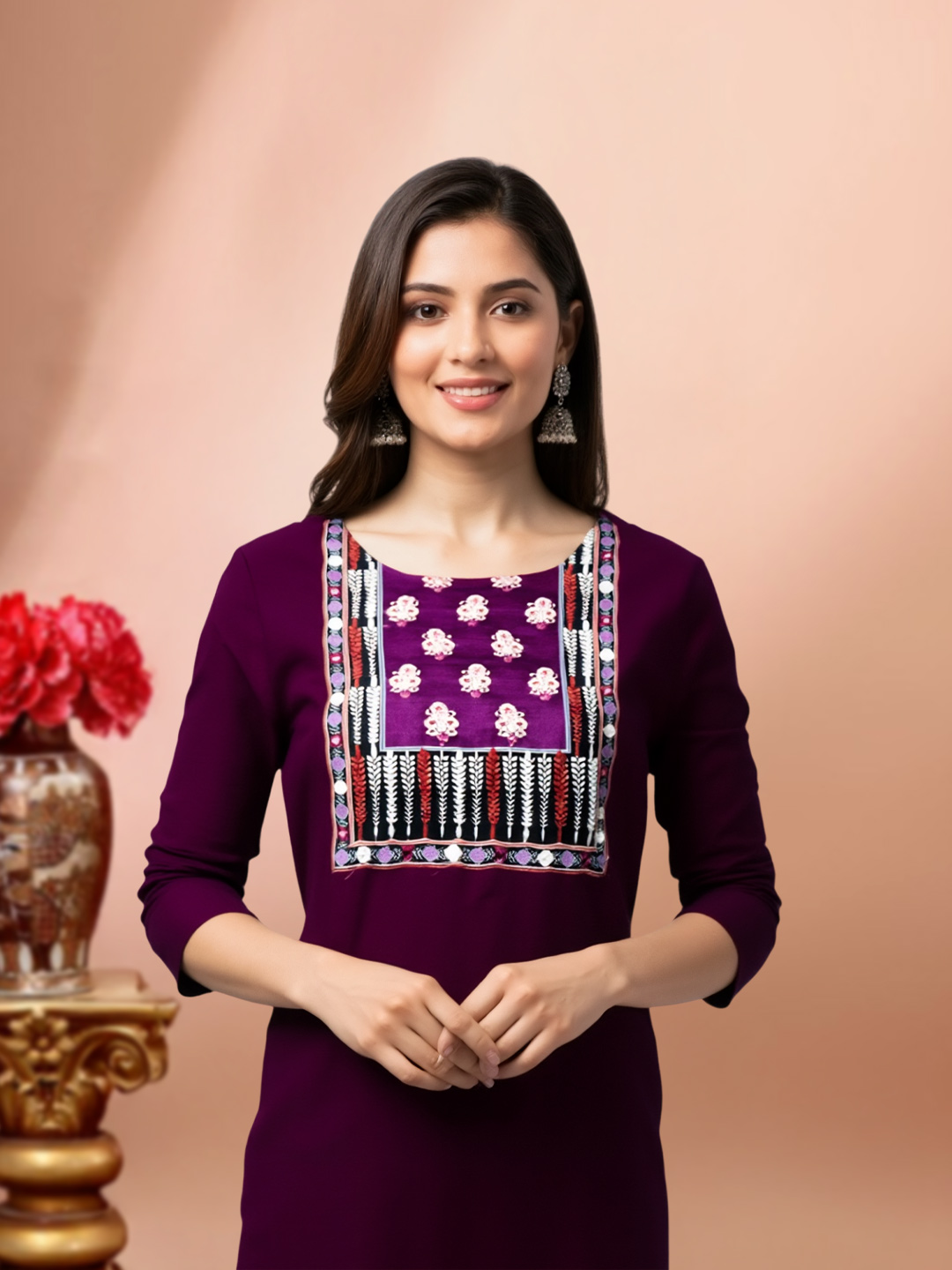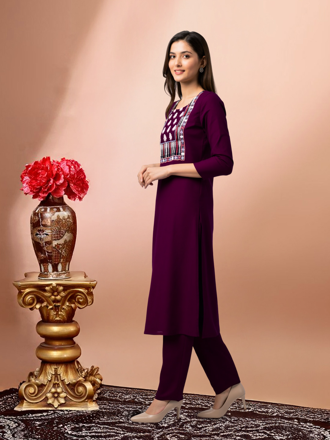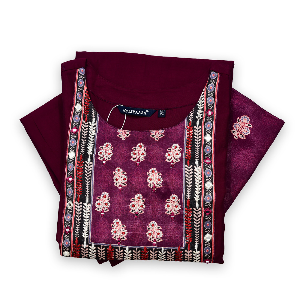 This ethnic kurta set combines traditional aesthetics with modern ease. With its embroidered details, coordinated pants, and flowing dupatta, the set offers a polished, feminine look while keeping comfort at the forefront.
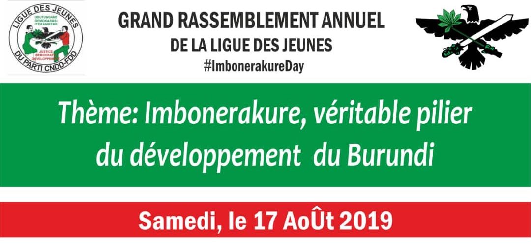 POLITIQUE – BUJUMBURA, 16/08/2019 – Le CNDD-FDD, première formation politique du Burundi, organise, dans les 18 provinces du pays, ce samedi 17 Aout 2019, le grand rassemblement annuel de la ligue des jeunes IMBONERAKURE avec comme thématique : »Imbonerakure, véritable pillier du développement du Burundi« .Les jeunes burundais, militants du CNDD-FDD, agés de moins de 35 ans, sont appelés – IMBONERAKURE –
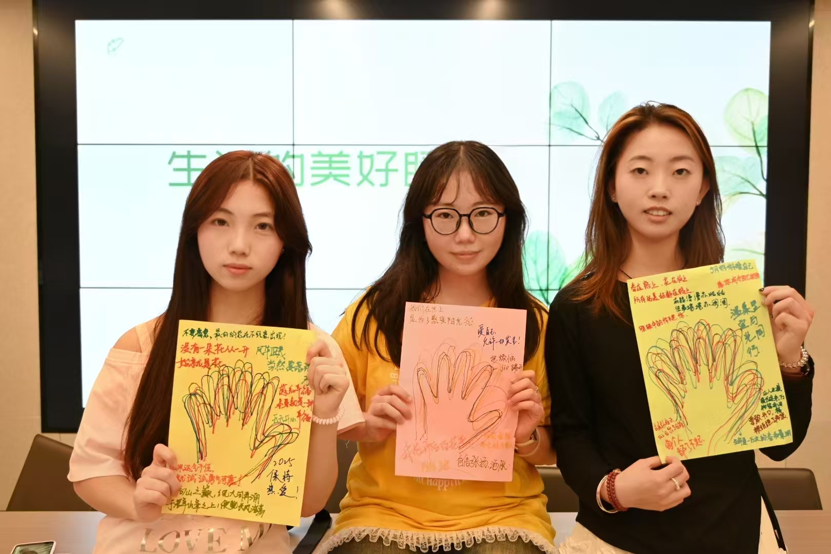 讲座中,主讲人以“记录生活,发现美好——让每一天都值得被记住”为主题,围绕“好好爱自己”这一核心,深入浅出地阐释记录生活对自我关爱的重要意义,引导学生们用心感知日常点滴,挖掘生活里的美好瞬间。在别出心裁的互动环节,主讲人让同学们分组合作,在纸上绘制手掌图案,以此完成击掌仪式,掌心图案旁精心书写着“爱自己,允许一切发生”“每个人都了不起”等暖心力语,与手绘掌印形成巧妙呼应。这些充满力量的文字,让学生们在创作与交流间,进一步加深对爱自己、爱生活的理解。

###

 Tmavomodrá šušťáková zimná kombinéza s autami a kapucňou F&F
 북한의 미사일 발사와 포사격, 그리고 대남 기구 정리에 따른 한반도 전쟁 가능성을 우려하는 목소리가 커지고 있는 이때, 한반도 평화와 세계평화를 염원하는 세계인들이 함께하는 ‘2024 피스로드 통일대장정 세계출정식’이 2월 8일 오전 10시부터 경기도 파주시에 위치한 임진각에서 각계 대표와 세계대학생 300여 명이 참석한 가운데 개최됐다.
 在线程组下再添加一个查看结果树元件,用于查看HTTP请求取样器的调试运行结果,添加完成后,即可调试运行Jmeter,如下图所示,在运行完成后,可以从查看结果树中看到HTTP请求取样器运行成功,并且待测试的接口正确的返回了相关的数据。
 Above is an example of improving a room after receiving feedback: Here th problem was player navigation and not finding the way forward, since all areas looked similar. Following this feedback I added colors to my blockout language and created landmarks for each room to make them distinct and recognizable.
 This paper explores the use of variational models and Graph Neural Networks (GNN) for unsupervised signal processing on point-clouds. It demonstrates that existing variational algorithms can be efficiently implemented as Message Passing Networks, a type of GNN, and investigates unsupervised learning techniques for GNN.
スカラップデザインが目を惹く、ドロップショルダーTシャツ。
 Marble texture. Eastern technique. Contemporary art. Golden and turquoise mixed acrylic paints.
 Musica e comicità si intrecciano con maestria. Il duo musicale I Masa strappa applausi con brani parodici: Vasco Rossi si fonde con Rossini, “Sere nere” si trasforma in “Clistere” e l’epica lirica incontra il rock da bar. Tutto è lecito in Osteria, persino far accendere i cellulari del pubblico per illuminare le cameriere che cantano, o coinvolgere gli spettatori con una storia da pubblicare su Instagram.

###

Working from the records above, write out verbatim only the lines from the line containing "Tmavomodrá šušťáková zimná" through the line containing "在线程组下再添加一个查看结果".

 Tmavomodrá šušťáková zimná kombinéza s autami a kapucňou F&F
 북한의 미사일 발사와 포사격, 그리고 대남 기구 정리에 따른 한반도 전쟁 가능성을 우려하는 목소리가 커지고 있는 이때, 한반도 평화와 세계평화를 염원하는 세계인들이 함께하는 ‘2024 피스로드 통일대장정 세계출정식’이 2월 8일 오전 10시부터 경기도 파주시에 위치한 임진각에서 각계 대표와 세계대학생 300여 명이 참석한 가운데 개최됐다.
 在线程组下再添加一个查看结果树元件,用于查看HTTP请求取样器的调试运行结果,添加完成后,即可调试运行Jmeter,如下图所示,在运行完成后,可以从查看结果树中看到HTTP请求取样器运行成功,并且待测试的接口正确的返回了相关的数据。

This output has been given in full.